Well, both, right. The logistics issues were not as harsh as we had anticipated, and that also meant that we were clearing some of the bigger projects faster.

Magnus Kruber
Equity Research Analyst, UBS

Got it. Thank you. Then on the mining service revenue growth, it came in at 5% in the quarter, and that compares to high teens or even twenties growth over the final three quarters of last year. When should we expect the aftermarket invoicing to kick in at the same rate?

Mikko Keto
CEO, FLSmidth

What we've seen in the aftermarket order to delivery cycle getting a bit longer. Lead times from order to delivery are a bit longer than they used to be. We don't have a major issue in deliveries, but just kinda it's getting longer. That is visible that we are building a backlog of basically more than we can deliver. That was visible also in the latter part of the year that order intake was growing faster than revenue. It's kind of building backlog on back of the a little bit longer delivery times for parts.

Magnus Kruber
Equity Research Analyst, UBS

Okay. Got it. Thank you. And just one final one, if I can squeeze it in. I think, Roland, you mentioned higher OEM invoicing in the first three quarters of this year. Could you sort of add a little bit more color on sort of how the invoicing sort of trajectory will be? Will Q1 be the highest and then slowly slope down towards Q4, or how should we think about the development?

Roland M. Andersen
CFO, FLSmidth

I think Q1 and Q2 will most likely be the highest ones, and slightly better in Q3, and then it starts to trail off.

Magnus Kruber
Equity Research Analyst, UBS

Got it. Thank you so much. I'll get back in line. Thank you.

Mikko Keto
CEO, FLSmidth

Thank you.

Operator

The next question is from Lars Topholm, Carnegie. The line is now open. Please go ahead.

Lars Topholm
Managing Director, Carnegie Invetsment Bank

Yes. Hello, guys. Thanks for taking my questions. A couple on your cash flow slide, I can see that the cash flow from continuing activities is almost DKK 200 million higher than the group cash flow from operations. I just wonder what makes up the difference. Is that a cash outflow of almost DKK 200 million from discontinued activities? How does that work? And then a second question, and I apologize, but it goes to again to the revenue guidance. I am not sure I completely understood your answer. Revenue that is not currently in the backlog should, according to your guidance, drop from around DKK 8 billion to somewhere between DKK 6 billion and DKK 7.5 billion, and I simply don't understand why you expect that.

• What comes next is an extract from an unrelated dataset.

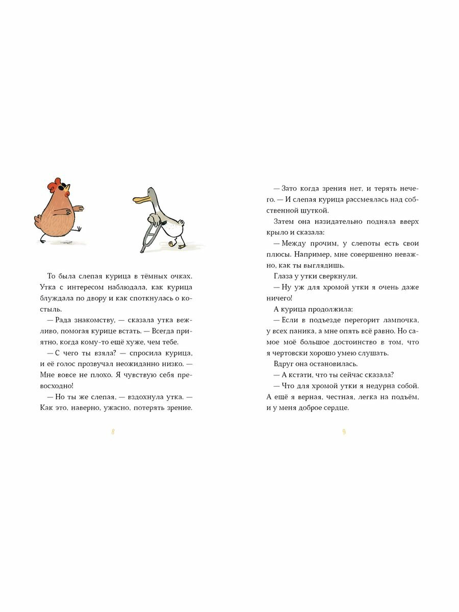 Но однажды во двор забредает слепая курица и рассказывает утке о своём заветном желании: больше всего на свете она хочет найти место, где сбываются мечты. Но как ей туда добраться, если она ничего не видит? Вот если бы у неё была спутница!..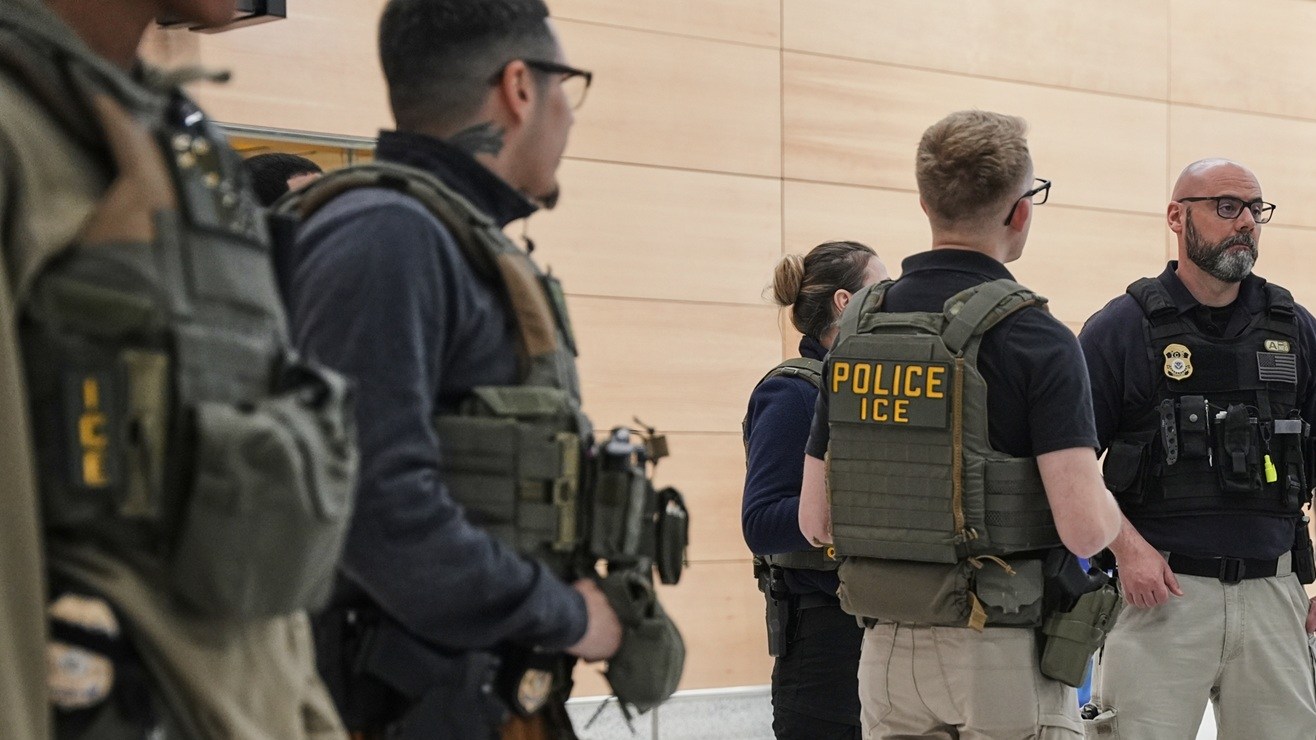 Agentes federales de inmigración son vistos en el Aeropuerto Internacional Newark Liberty, en Newark, Nueva Jersey. Crédito: Angelina Katsanis | AP

If you can explain it so even I understand, I'd be grateful. Then a final short question that goes on the cash flow outlook for 2022, because you elaborated on prepayments having ticked in somewhat earlier than expected, and you also had a significant positive net working capital swing. Taking that into account, what kind of I guess underlying pressure on cash flow would it be fair to assume for 2022, if any? Thank you.

Roland M. Andersen
CFO, FLSmidth

Yeah. Thank you for that, Lars. Maybe I should start on that. The discontinued activities, remember in Q2, Q3, we had a bank guarantee pulled against us of DKK 130 million on a case that is currently running on the discontinued business. There's also been a few operational costs in trying to sort of get that sorted and also a clearance of a VAT issue. That explains the difference between the group and the discontinued activities. On the revenue guidance, I'm not sure what the uncertainty is. We have a backlog that will need to be converted at. Some of those capital projects are relatively low margins.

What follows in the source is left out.